Collected material:
----------

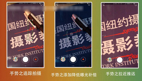 MIUI 6相機裡的隱藏功能,我在這裡提及一下,手勢追蹤——我們只需要用倆個手指分開點按一下屏幕,屏幕會出現一個綠色的追蹤對焦框,即使被攝體是運動的,你也可以拍攝出清晰的畫面。在手機中央部位我們用一個手指畫圓,會發現發出滴滴的聲音,隨之畫面或許變暗或許變亮,這就是增加和降低曝光補償的操作。用倆個手指放在屏幕上慢慢分開我們會發現被攝體變近或者變大了,這就是手勢的拉近推遠功能。我們在屏幕上輕輕的下滑操作你會神器的發現可以切換前後攝像頭。是不是很贊?
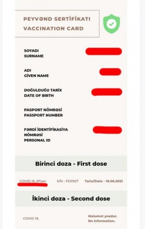 Sözügedən problemlə qarşılaşan şəxslərin sözlərinə görə, vaksinlə bağlı e.tabib-in sertifikatında isə “Pfizer” əks olunub. Bundan başqa, tibb müəssisəsindən vətəndaşa verilən COVİD-19 pasportunda da peyvəndin “Pfizer” olduğu yazılıb.
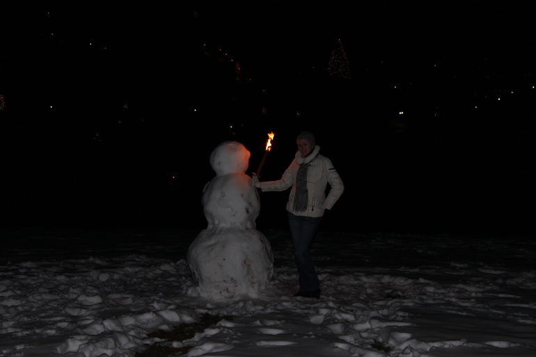 25-го декабря после обеда жители собираются в центре городка и вместе идут по лесной дорожке в гору. А какой вид открывается по дороге! Горы, лес, снег, маленькие домики городка, а на склоне среди снега яблоки на деревьях для птиц оставлены.

----------

Your objective: Excluding the pictures, retype the line containing "Sözügedən problemlə qarşılaşan" and all lines after it down to the end of the data above.

Response below:
 Sözügedən problemlə qarşılaşan şəxslərin sözlərinə görə, vaksinlə bağlı e.tabib-in sertifikatında isə “Pfizer” əks olunub. Bundan başqa, tibb müəssisəsindən vətəndaşa verilən COVİD-19 pasportunda da peyvəndin “Pfizer” olduğu yazılıb.
 25-го декабря после обеда жители собираются в центре городка и вместе идут по лесной дорожке в гору. А какой вид открывается по дороге! Горы, лес, снег, маленькие домики городка, а на склоне среди снега яблоки на деревьях для птиц оставлены.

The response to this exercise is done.